He skips connecting it with model theory by choosing statements where it is clear what they mean (collatz conjecture, halting problem). I think that's OK.
It's not clear to me that model theory has much to say about Lean; do you have any resources on this? plato.stanford.edu does hedge that while modern model theory focuses on first-order logic, there's a broader sense of model theory which can be used to study even natural languages. But if you try to study type theory as natural language statements you aren't going to get much out of it. Going about it that way, the models you'll come up with are going to be of the form "doing some formal symbol manipulation X has certain formal symbol results Y" which will be neither illuminating nor useful. I did find an abstract[0] which claims that model theory has historical roots in type theory but I'm doubtful I have any way to access it.
First you have to see that the tutorial uses Lean basically as a blackbox. All that is needed is that you can express proofs in it, that applying lean to proofs yields lean theorems, that proofs are enumerable, and that Lean is powerful enough to express the collatz conjecture and the halting problem.

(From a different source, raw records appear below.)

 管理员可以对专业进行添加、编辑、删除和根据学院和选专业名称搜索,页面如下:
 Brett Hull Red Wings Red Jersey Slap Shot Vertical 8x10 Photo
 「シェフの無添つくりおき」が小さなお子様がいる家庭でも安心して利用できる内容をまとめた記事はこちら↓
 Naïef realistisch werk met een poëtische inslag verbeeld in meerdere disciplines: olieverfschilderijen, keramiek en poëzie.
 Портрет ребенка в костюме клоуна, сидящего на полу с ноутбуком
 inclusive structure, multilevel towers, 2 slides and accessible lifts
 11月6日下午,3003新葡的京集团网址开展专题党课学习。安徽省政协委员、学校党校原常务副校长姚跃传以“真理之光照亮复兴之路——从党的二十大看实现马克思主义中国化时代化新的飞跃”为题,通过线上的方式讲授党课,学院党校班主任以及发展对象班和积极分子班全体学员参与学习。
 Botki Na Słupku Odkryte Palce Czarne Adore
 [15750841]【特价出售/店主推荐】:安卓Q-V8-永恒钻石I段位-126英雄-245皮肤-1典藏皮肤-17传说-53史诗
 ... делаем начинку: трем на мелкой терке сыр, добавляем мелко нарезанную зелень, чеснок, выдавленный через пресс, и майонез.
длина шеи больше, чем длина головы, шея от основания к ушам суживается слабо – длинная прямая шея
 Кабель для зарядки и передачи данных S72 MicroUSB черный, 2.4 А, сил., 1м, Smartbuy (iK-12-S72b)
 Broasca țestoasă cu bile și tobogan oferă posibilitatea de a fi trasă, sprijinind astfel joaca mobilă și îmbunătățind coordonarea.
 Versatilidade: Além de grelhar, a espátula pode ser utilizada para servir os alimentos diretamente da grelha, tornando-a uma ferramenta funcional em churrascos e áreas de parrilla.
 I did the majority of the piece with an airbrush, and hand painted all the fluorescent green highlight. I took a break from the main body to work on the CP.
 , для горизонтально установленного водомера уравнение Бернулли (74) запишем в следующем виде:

So you can replace Lean by any other such blackbox B, for example B = (first-order logic + ZFC), and the argument in the tutorial goes the same way. Therefore type theory or not is not an issue here.
What IS an issue is that to fully explain what "express the collatz conjecture in B" means, you need model theory. You are right, type theory often doesn't come with model theoretic semantics, but it can be done in a natural way even for type theories.